(Collection entries)
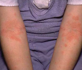 В городской детский аллергологический центр обратились родители ребенка 5 лет, который страдает атопическим дерматитом с 4 месяцев. Жалобы на зудящие высыпания в области локтевых, коленных суставов и тыльной поверхности кистей, периодические высыпания на коже; интенсивный зуд вечером и ночью, беспокойный сон; снижение аппетита; плаксивость; частые простудные заболевания. Выявлены также жалобы на неустойчивый стул, вздутие живота и сниженный аппетит.
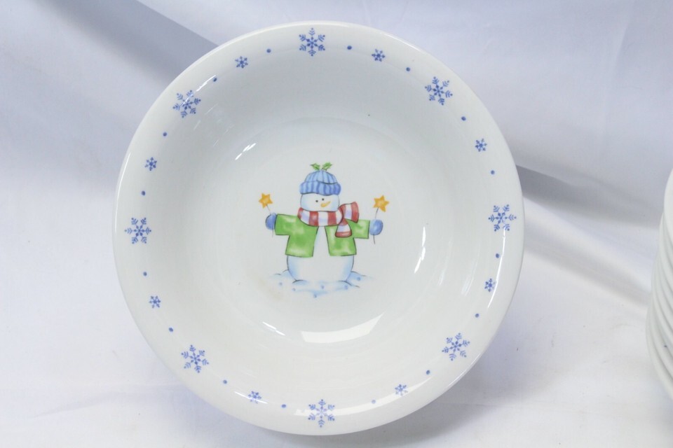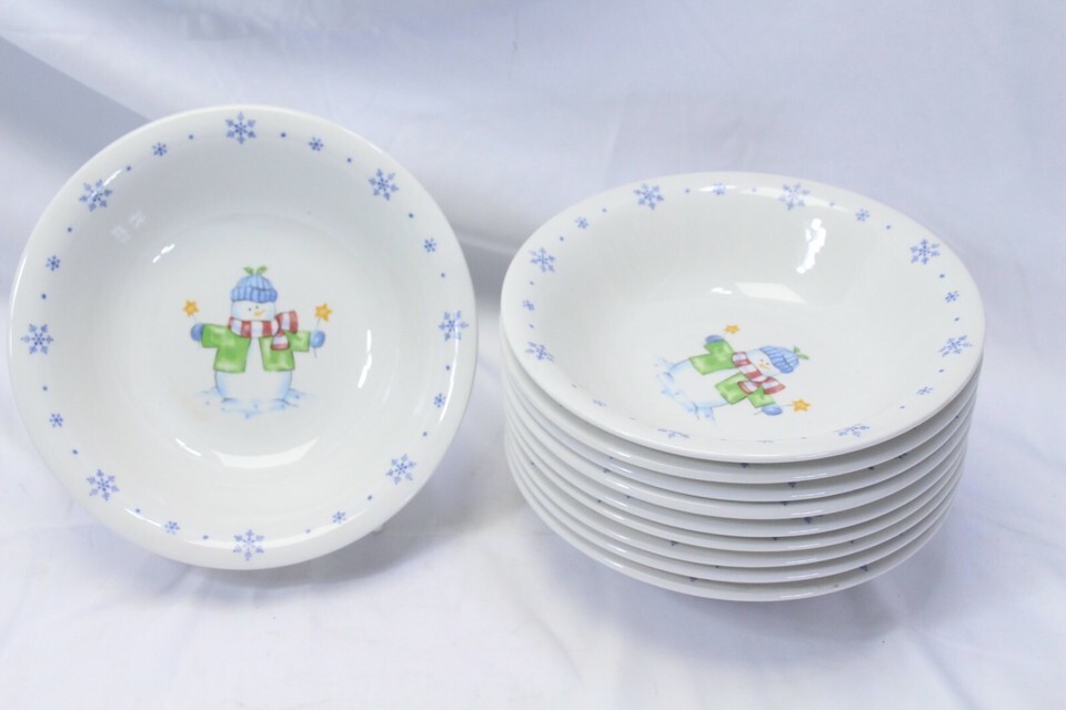Enchanted Forest Christmas Snowman Snowflake Soup Bowls 8-3/8" Lot of 10 Xmas
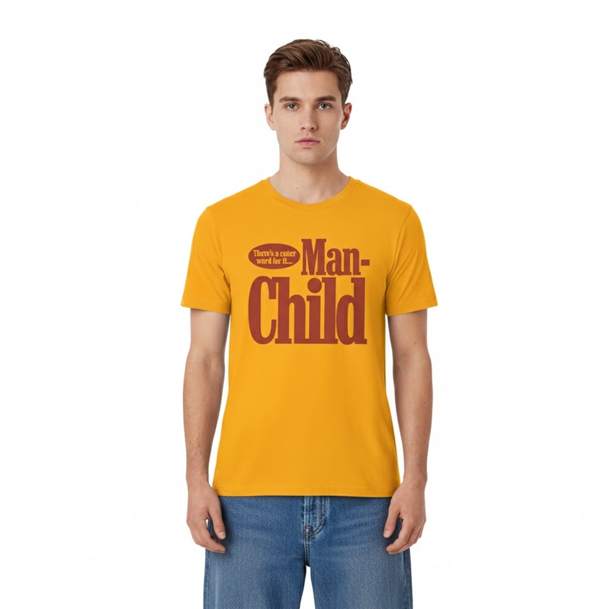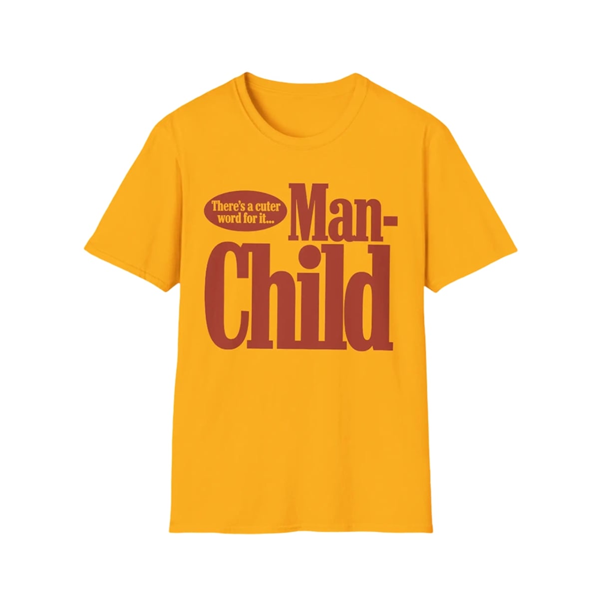 The text on this vibrant yellow shirt reads, “There’s a cuter word for it… Man-Child.” To understand the appeal, you have to look at the brilliant contrast in the phrasing. The setup, “There’s a cuter word for it,” lulls the reader into expecting a sweet, endearing term for someone’s boyish charm. Instead, it delivers a bluntly funny punchline: “Man-Child.”
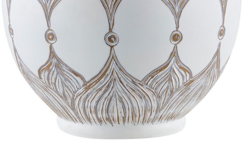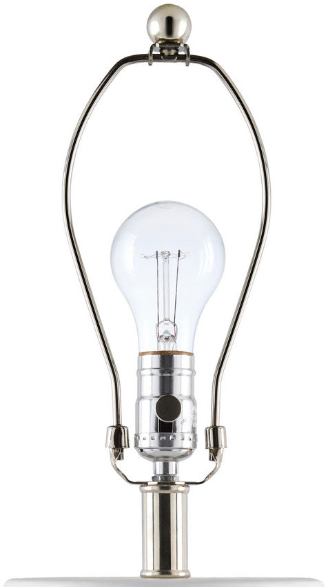 - Colors: Body: White; Finial: Metallic - Nickel; Harp: Metallic - Nickel; Cord: Translucent
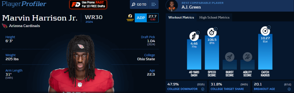 Marvin Harrison Jr. Advanced Stats & Metrics
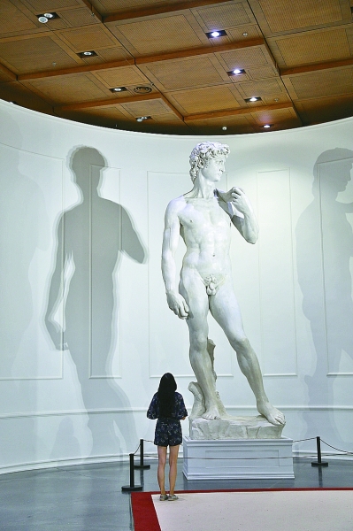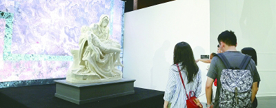 观众在现场参观米开朗基罗雕塑复刻作品。图片为本报记者 于园媛摄/光明图片
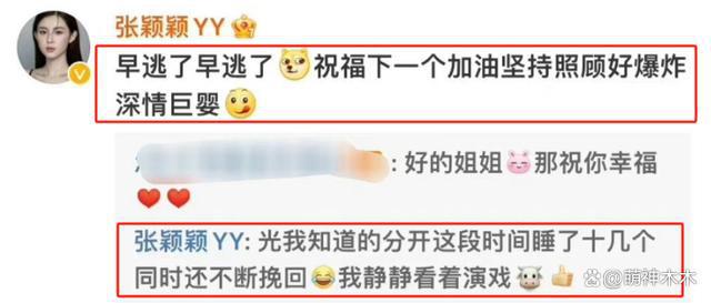 这样看来,张颖颖分手之后,对于汪小菲和张兰的怨念还是蛮深的,每次汪小菲感情有任何动向的时候,张颖颖就会立刻隔空 " 精准吐槽 ",之前汪小菲和美女约会被拍的时候,张颖颖跳出来回怼前男友,庆幸自己及时止损,称汪小菲是爆炸深情巨婴,一边挽留她,一边在分开的时间里和十几个人发生关系。

● PROBLEM TO SOLVE
Set down exactly, and only, the lines from the one containing "- Colors: Body: White;" through the last line of the entries. Pictures do not belong in the copy.

● OUTPUT FOR THIS EXERCISE
 - Colors: Body: White; Finial: Metallic - Nickel; Harp: Metallic - Nickel; Cord: Translucent
 Marvin Harrison Jr. Advanced Stats & Metrics
 观众在现场参观米开朗基罗雕塑复刻作品。图片为本报记者 于园媛摄/光明图片
 这样看来,张颖颖分手之后,对于汪小菲和张兰的怨念还是蛮深的,每次汪小菲感情有任何动向的时候,张颖颖就会立刻隔空 " 精准吐槽 ",之前汪小菲和美女约会被拍的时候,张颖颖跳出来回怼前男友,庆幸自己及时止损,称汪小菲是爆炸深情巨婴,一边挽留她,一边在分开的时间里和十几个人发生关系。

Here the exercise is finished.